Cathie Wood won’t invest in Trump coin, will stick to the ‘big three’

Cathie Wood, the CEO of ARK Invest, recently made headlines when she stated that she has no plans to invest in Trump coin. In an interview, Wood expressed her skepticism towards the cryptocurrency, calling it a “memecoin” without any real utility.

For those unfamiliar, Trump coin is a digital currency that was created in 2016 to support Donald Trump’s presidential campaign. It operates on the Ethereum blockchain and claims to be a “tribute to the forgotten man and woman” of America. However, despite its patriotic branding, Trump coin has faced criticism for its lack of practical use and reliance on hype and speculation.

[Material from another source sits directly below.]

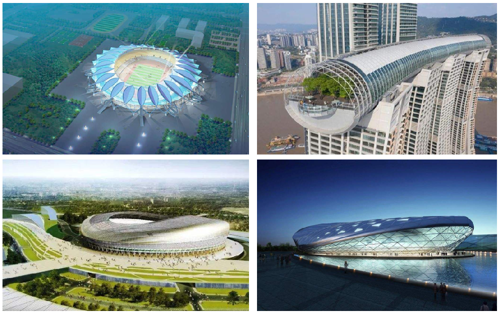 某广场空中连廊为亚洲最大空中连廊,全长300m,宽30m,高22.5m,高度约250m。该空中连廊的围护结构由82对(波峰+波谷)圆管构成,全面积约14100m2,是后续玻璃幕墙安装的骨架,其线形决定了玻璃幕墙尺寸。

Wood, who is known for her bullish stance on Bitcoin and other cryptocurrencies, made it clear that her investment strategy does not include memecoins like Trump coin. Instead, she remains focused on more established and functional cryptocurrencies like Bitcoin, Ethereum, and Solana.

While some may see Wood’s comments as dismissive, her reasoning is sound. As an experienced investor, she understands the importance of investing in assets with real-world use cases and long-term potential. Memecoins, on the other hand, often rely on hype and social media trends, making them highly volatile and risky investments.

Wood’s stance on Trump coin also highlights the growing divide between serious investors and the meme-driven cryptocurrency market. While some may see memecoins as a fun and potentially profitable investment, others like Wood see them as a distraction from the true potential of blockchain technology.

In conclusion, Cathie Wood’s decision to steer clear of Trump coin serves as a reminder to investors to carefully consider the utility and long-term viability of any cryptocurrency before investing. As the market continues to evolve, it’s important to stay informed and make informed decisions to maximize potential gains and minimize risks.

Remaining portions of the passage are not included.